The Director of Central Intelligence referred briefly to growing Communist pressures on Berlin, and to the likelihood that new French elections would now be postponed from December to some time between January and March, 1956.

Mr. Allen Dulles then referred to the question asked by The Vice President at the previous meeting of the National Security Council, as to why, with much smaller resources than were made available by the U.S., the Soviet programs for assistance to underdeveloped countries seemed to make a more substantial impact on the governments and peoples of these countries than the larger U.S. programs. Mr. Dulles asked the President’s permission to read his answer to The Vice President’s question. He singled out the issue of the former colonial status of many of the underdeveloped countries as providing part of the explanation. Another part was the inferiority complex which many of these countries displayed in their dealings with the United States. Mr. Dulles then pointed out that the Communists were very astute in their approach to the governments of these backward states. They were careful to refrain from the use of such adjectives as “backward” and “underdeveloped”. Moreover, they had more flexibility than the U.S. in their approach. They were not required to ask for a quid pro quo in return for their assistance. Nor were they hampered by legislation such as our Battle Act.2 They were willing to accept almost any kind of repayment, including repayment in soft currencies, which they then used to develop their subversive program in the country in question.

Mr. Dulles also pointed out that large elements in the new world-wide Soviet program of assistance to underdeveloped countries consisted at this time of promises rather than of actual deliveries. Beyond this, in explanation of the Soviet success, Mr. Dulles said that the Soviet program took account of the special [Page 33] circumstances which existed in a particular underdeveloped country. The pattern of trade also played a role; for example, the Soviets appeared happy to help Burma dispose of its consistent rice surpluses. Finally, and perhaps most important, Mr. Dulles restated the thesis that many of these underdeveloped countries had been enormously impressed by what the Soviet Union had accomplished, virtually unaided, in developing its industrialization over a very brief period of time. Since this success was largely attributed to the Communist system, the governments of many underdeveloped countries drew the deduction that a Communist system would likewise prove most efficient in accomplishing their own industrialization. It was also plain that many of these countries believed that they could play off Soviet and U.S. assistance against one another.

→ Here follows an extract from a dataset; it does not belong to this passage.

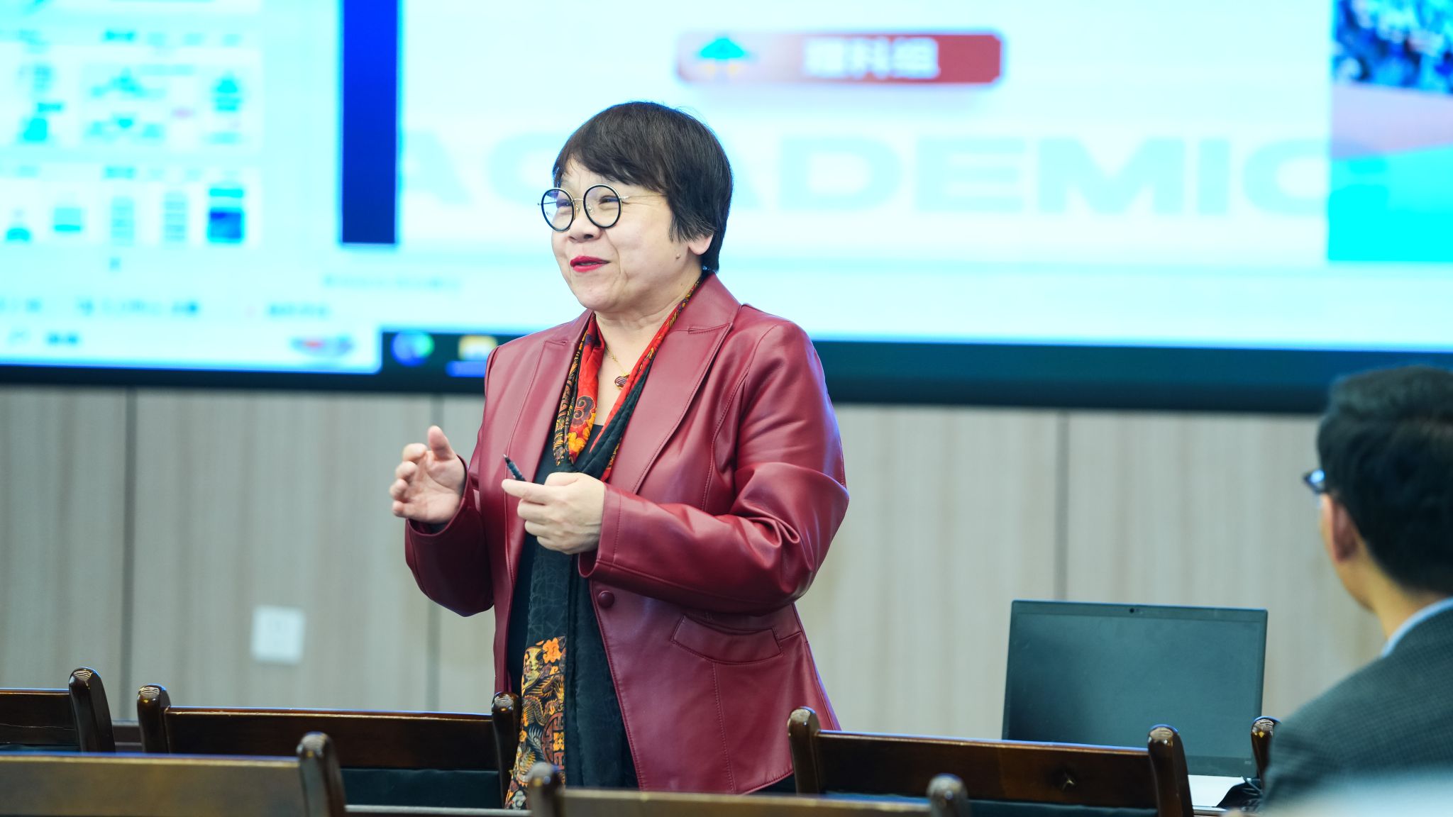 郭志碧副主任介绍教学竞赛组织与支持,耐心细致指导学校教创赛种子团队教学创新成果报告和现场教学汇报,提出中肯意见建议。

Mr. Dulles concluded his remarks on this subject by pointing out how difficult it was to impress on the states in question the dangers of Soviet penetration through the agency of alleged assistance programs.

Mr. Dulles concluded his intelligence briefing with remarks on the difficult situations confronting the governments of the ABC powers in Latin America.

The National Security Council: 3

Noted and discussed an oral briefing on the subject by the Director of Central Intelligence, with specific reference to the situation in Berlin; developments in the French electoral situation; the Soviet assistance program to underdeveloped countries; new rail communications between the Soviet Union and Communist China; and the situations in Brazil, Argentina and Chile.

2. Report by the Secretary of State

[Here follows Dulles’ report on the Geneva Conference, Germany and NATO, the Baghdad Pact meeting, and his visits to Spain, Italy, and Yugoslavia.]

Secretary Wilson said that he had a certain number of things to talk about, but he was not sure that this was the time to bring them up. Important budgetary decisions would have to be made in the next three weeks.

The President, in response to Secretary Wilson’s statement, said that it would be well to bear in mind the old adage, “Be not the first by which the new is tried, nor yet the last to put the old aside.” While, said the President, he could see a lot in what Secretary Wilson and Admiral Radford had said to him the last time they saw [Page 34] him in the hospital at Denver, he was still convinced that the Administration had the means at hand to make budgetary cuts in the Defense Department if we actually had the courage to go ahead and make these cuts. For example, continued the President, do we really need to have as much air and sea lift as we think we need to have in order to transport our forces rapidly to various trouble spots?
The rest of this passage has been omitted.